Слинкевич уже пришла. Стояла около пациентки, подключенной к монитору, и тихо переговаривалась с Журавлевым и дежурным реаниматологом Тюменцевым. Женщина спала.
— …И повторите-ка электролиты, Анатолий Михайлович, а мужа, когда он придет, попросите зайти ко мне. Я сама его хочу расспросить. Такое впечатление, что они оба что-то недоговаривают. В клинику неврозов с переутомлением не ложатся, а на море едут. Вы «Доктора Хауса» любите? Я просто обожаю! Лучший сериал всех времен и народов. И главная идея в том, что все врут…
Когда Слинкевич ушла, Журавлев кивком отпустил дежурного доктора и сказал Данилову:
— Давай пойдем методом исключения. Я буду перечислять, а ты поправляй, если не согласен. Легочную гипертензию, аортальный стеноз, кардиомиопатии можно отбросить. Обследовали и не нашли. Посттравматическая энцефалопатия? В анамнезе данных нет…
— Муж может ничего не знать, а сама она может скрывать. Например, если ее любовник головой об угол приложил во время ссоры или нокаутировал.
— Да, конечно. Знаешь, каких больных я люблю больше всего? — оживился Журавлев. — Занудливых старушек из числа постоянных поликлинических клиентов. У таких всегда на руках амбулаторная карта, и анамнез они тебе излагают в мельчайших подробностях. Никакой мороки с диагнозом, все как на ладони…
Метод исключения себя не оправдал, потому что вариантов было много, все так сразу не убрать.
— Эндокринолог заподозрила феохромоцитому,[66] — сообщил Журавлев, — я назначил анализы крови на катехоламины и хромогранин. Жаль, не сообразили сразу после приступа мочу на катехоламины взять, заработались. Сейчас суточную мочу собираем.
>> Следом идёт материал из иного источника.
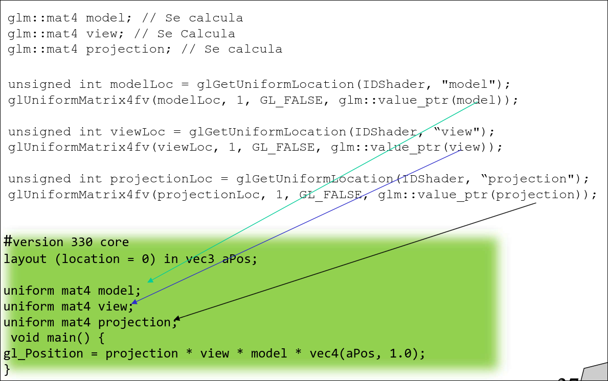 glm::mat4 view = glm::lookAt(glm::vec3(x,y,z), glm::vec3(x,y,z), glm::vec3(x,y,z));: para definir la matriz de vista -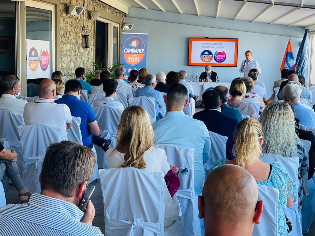 Si è tenuta, a Santo Stefano al Mare, presso il porto di Aregai, la riunione provinciale di Cambiamo con Toti, il partito più votato durante le ultime consultazioni regionali liguri, in particolare in provincia di Imperia ha raggiunto il risultato ragguardevole del 25,6 %. Un incontro molto partecipato, organizzato dall’assessore regionale Marco Scajola e dal coordinatore provinciale del movimento Pino Di Meco.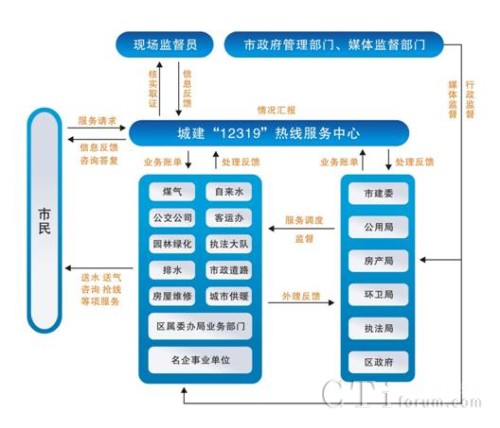 - 各城管系統(tǒng)都設(shè)立專門機(jī)構(gòu)直接與熱線中心聯(lián)系,即時(shí)處理服務(wù)中心轉(zhuǎn)來的各類問題,實(shí)現(xiàn)“市民→熱線中心→責(zé)任單位→市民”的閉路循環(huán),做到受理及時(shí)、反應(yīng)快速、處理到位, 使 12319 熱線成為密切政府與群眾關(guān)系、 創(chuàng)建行業(yè)服務(wù)品牌的一項(xiàng)重要舉措。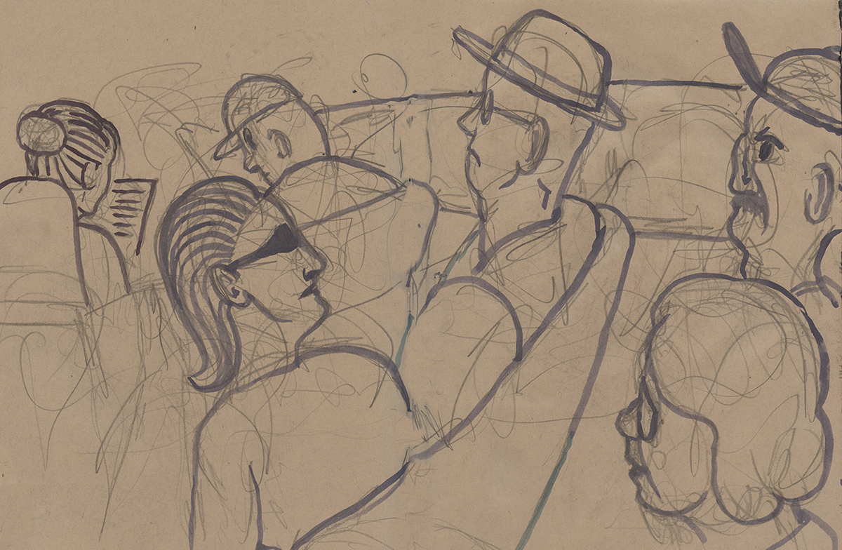 all aboard 16.5" x 11.25", graphite and walnut ink on paper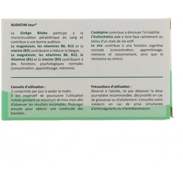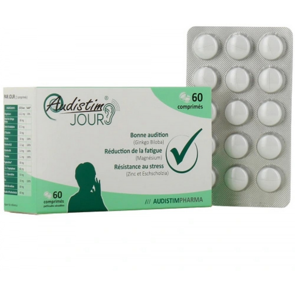 Audistim Jour est un complément alimentaire à base de vitamines et minéraux, d'acides aminés et d'extraits de plantes.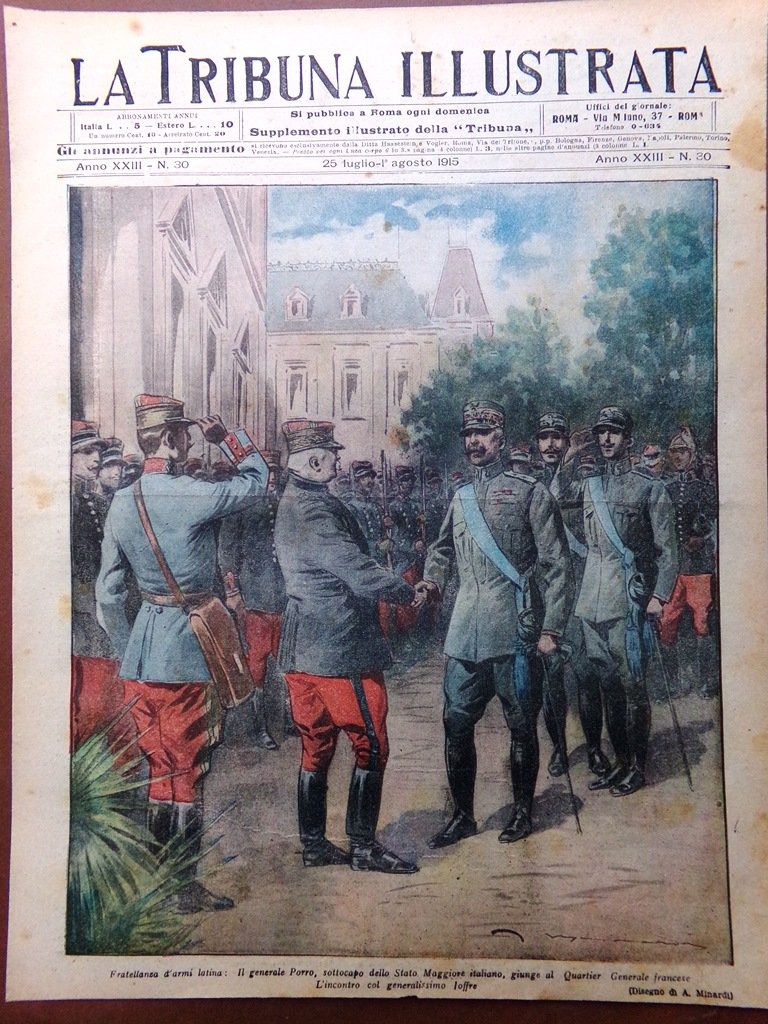Copertina Tribuna Illustrata nr. 30 del 1915 WW1 Generale Porro Incontro Joffre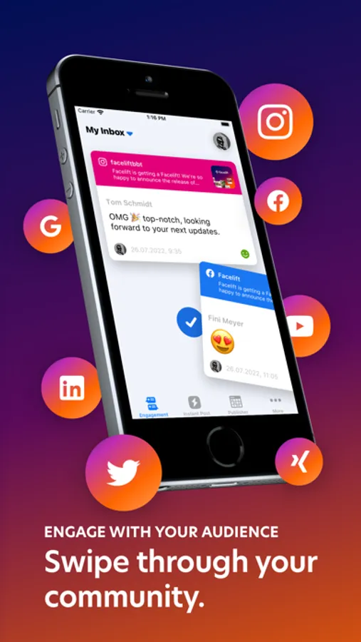 Your customers and fans don’t care for opening hours on social media. Engage with your audience regardless where you are. With the Facelift app you can moderate the social networks Facebook, Twitter, Instagram, LinkedIn, WhatsApp and Xing.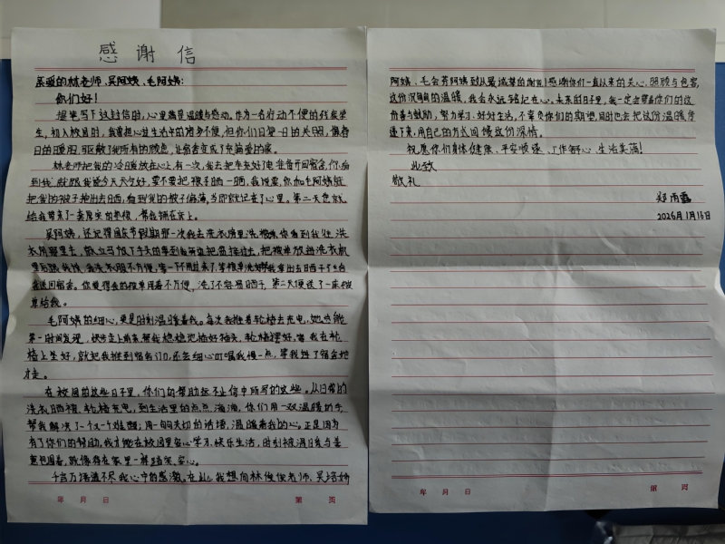 郑同学说:“正是因为有了你们的帮助,我才能在校园里安心学习、快乐生活,时刻被温暖与善意包围着,就像待在家里一样踏实、安心。”

— Феохромоцитома? — на секунду задумался Данилов. — Вполне может быть. Все укладывается — возраст, пол, гипертония, кризы. А потела она во время приступа сильно?
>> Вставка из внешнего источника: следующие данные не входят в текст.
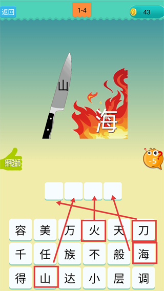 2、從字格選取【山】【火】【刀】【?!浚a全成語【刀山火海】,完成該關卡的成語猜測,推進游戲進度。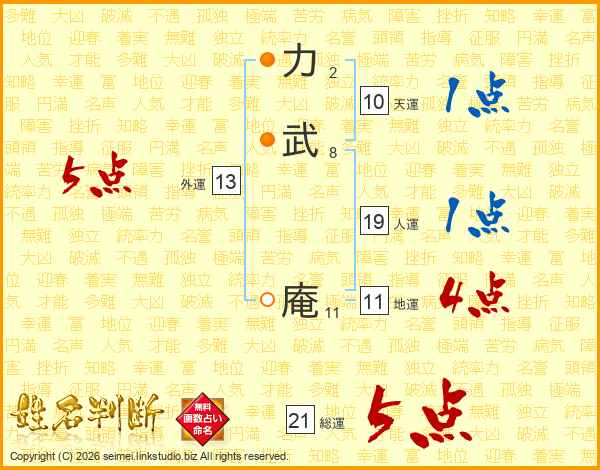 力武庵さんの総運は21画の5点!
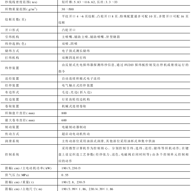 显示 键盘显示(参数设定,织机状态监控,自我诊断故障);多色指示灯指示经停、纬停、等待等信息。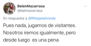 Álvaro Rey García (@AlvaroRey98): «El club majariego facilitará el desplazamiento a sus socios y se beneficiará de la taquilla». Pache (@Opcpache): Cierto, es el partido menos indicado para mostrar nuestro malestar. Desgraciadamente no tendría repercusión. Y además ya lo dije días atrás, nadie se merece más este partido que nosotros». Guille García (@guille_gih): «Todo esto se traduce en más entradas los domingos, más abonados la temporada que viene (o esta), más afición, más ambiente… más dinero. No suena mal, pero me parece que no era tan descabellado pensar un poco a futuro y no traicionar a tu afición por unos miles de euros hoy». Flaseados firm: «A todo esto, la RFEF ha sido la que da el visto bueno. Normal, lo primero que le importa también es el dinero, solo hay que ver dónde hacen las súper Copas de España».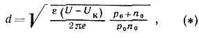 где е — заряд эл-на, e — диэлектрич. проницаемость, U/к — контактная разность потенциалов, U — внеш.напряжение, n0 — концентрация эл-нов проводимости в n-области, р0 — концентрация дырок в р-области.Напр., для р — n-перехода в Si, где Uк=1В при n0=p0»1015, d=2 мкм. Для контакта металл — электронныйПП или металл — дырочный ПП d определяется по ф-ле (*), в к-рой положено p0<-n0 или p0->N0.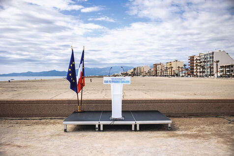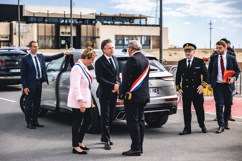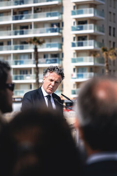 Déplacement du ministre Christophe Béchu à Canet-en-Roussillon dans le département français des Pyrénées-Orientales le 22 mai 2024. Christophe Béchu a présenté son Plan de résilience pour l'eau, qui se compose de sept projets structurants, et a annoncé une enveloppe de 10 millions d'euros pour le département.

Он пощупал простыню, на которой лежала пациентка. Простыня оказалась сухой.
— Перестелили утром. Надо бы уточнить, — Журавлев нахмурился. — В истории ничего про обильное потоотделение не сказано. Будем думать…
— Анатолий Михайлович, — позвали с сестринского поста, — вам главный звонит.
Разговор с главным врачом был коротким. Журавлев больше слушал, чем говорил. Трижды ответил «да» и один раз — «нет». Проходившего мимо Данилова, который собрался уходить, придержал за руку.
Общение продолжили в кабинете Журавлева.
— Муж нашей «англичанки» поднял шум, — сообщил Журавлев, в сердцах шлепая по столу историей болезни. — Вышел на кого-то в департаменте, оттуда звонили главному и интересовались, когда же наконец мы с ней разберемся…
— Когда? — удивился Данилов. — Можно подумать, что она третью неделю лежит.
— Народ думает, что в реанимации все делается быстро.
— Департамент тоже так считает?
— Откуда я знаю! Я же с главным разговаривал, а не с ними! Главный в приподнятом настроении, чувствуется, что вставили ему хорошо. Дал мне сутки на установку диагноза.
— Умереть — не встать, — улыбнулся Данилов. — Как в «В августе сорок четвертого».
— А что было?
— То же самое. Приказали найти шпионов за сутки, иначе — расстрел. А тебе главный врач что обещал?
— Крупные неприятности, в подробности я не вдавался. Я сейчас позвоню мужу и…
— Давай лучше я, — предложил Данилов. — Так будет лучше, тем более что я главному врачу не подчиняюсь и на департамент мне по большому счету… Ну, ты понимаешь. Объясню, в чем дело, успокою, уточню анамнез. Запиши мне его телефон и как его зовут.
— Имя у него нестандартное — Пятрас, отчество Альбертович, а фамилия самая обыкновенная — Иванов, — сказал Журавлев, списывая данные с титульного листа истории болезни.
— Какое удивительное сочетание! — восхитился Данилов. — Он латыш или литовец?
— Русский! — Журавлев протянул ему листок. — Сказано же — Иванов. А какое значение имеет национальность?
— Готовясь к сложному и ответственному разговору, нужно собрать как можно больше информации о собеседнике. — Данилов взглянул на листок, сложил его пополам и убрал в карман. — Ты что, не читаешь умных книжек, которые учат правильно общаться?
— А ты изучаешь?
— Иногда. Кто он по профессии, не знаешь?